Many individuals who are U.S. citizens have become engaged to marry before moving to this country. A natural consequence of this change in circumstances is the desire to bring the intended spouse to this country so that the couple can be married. The regulations of the Department of Homeland Security specify a clear pathway to making this happen.
The first requirement is a demonstration that the couple genuinely intends to marry and establish a life together. They must also rebut any inference that they are intending to marry simply to obtain an immigration benefit.
The couple must also demonstrate an intent to marry within 90 days after the foreign fiancé enters the United States. The fiancé who is a U.S. citizen must file Form No. I-129F, Petition for Alien Fiancé. This form requests the issuance of a K-1 non-immigrant visa to the foreign fiancé. The form asks questions intended to ascertain the pre-conditions outlined above.
Bringing the foreign fiancé to the United States
If the Immigration Customs and Enforcement Agency approves the Form No. 129-F, the form is sent to the DOS National Visa Center.

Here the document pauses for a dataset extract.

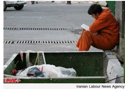
Iranian Labour News Agency

به گزارش خبرگزاری دولتی ایلنا، ۱۲ دی ۱۳۹۶ آمده است: حدود دویست کارگر شهرداری زابل در استان سیستان و بلوچستان، سه ماه مطالبات مزدی پرداخت نشده دارند. آنان می گویند: تاخیر در پرداخت مزد کارگران شهرداری زابل/ پاکبانان: جایی نمانده که مقروض نباشیم این کارگران بارها به شهرداری و شورای شهر مراجعه کرده اند ولی تاکنون هیچ مرجعی پاسخگوی آنها نبوده است. یکی از این کارگران می گوید: بیشتر پاکبانان و کارگران خدماتی شهرداری، مستاجر هستند؛ در بی پولی فعلی، نه تنها در پرداخت اجاره خانه هایمان درمانده ایم؛ بلکه به همه کسبه و اهالی محل مقروضیم؛ حتی به نانوائی ها. این کارگر ادامه می دهد: مقامات و مسئولان، کمبود بودجه را بهانه می کنند و می گویند باید باز هم صبر کنید؛ این در حالیست که هیچ راهی برای تامین مخارج یومیه خانواده نداریم.

The Visa Center forwards the approved 129 to the U.S. Embassy or consulate where the fiancé resides. A DOS consular officer determines whether the fiancé is eligible for a K-1 nonimmigrant visa. The nonimmigration visa is valid for 6 months. The couple then has 90 days to hold a marriage ceremony.
If the Form 129-F process results in a denial of the application to bring a foreign national to the United States for the purpose of marriage, CIS regulations permit the applicant to appeal the decision. While the process seems simple, it has many unanticipated complexities that may require an attorney’s assistance. In such instances, the advice of an experienced immigration attorney can be very helpful.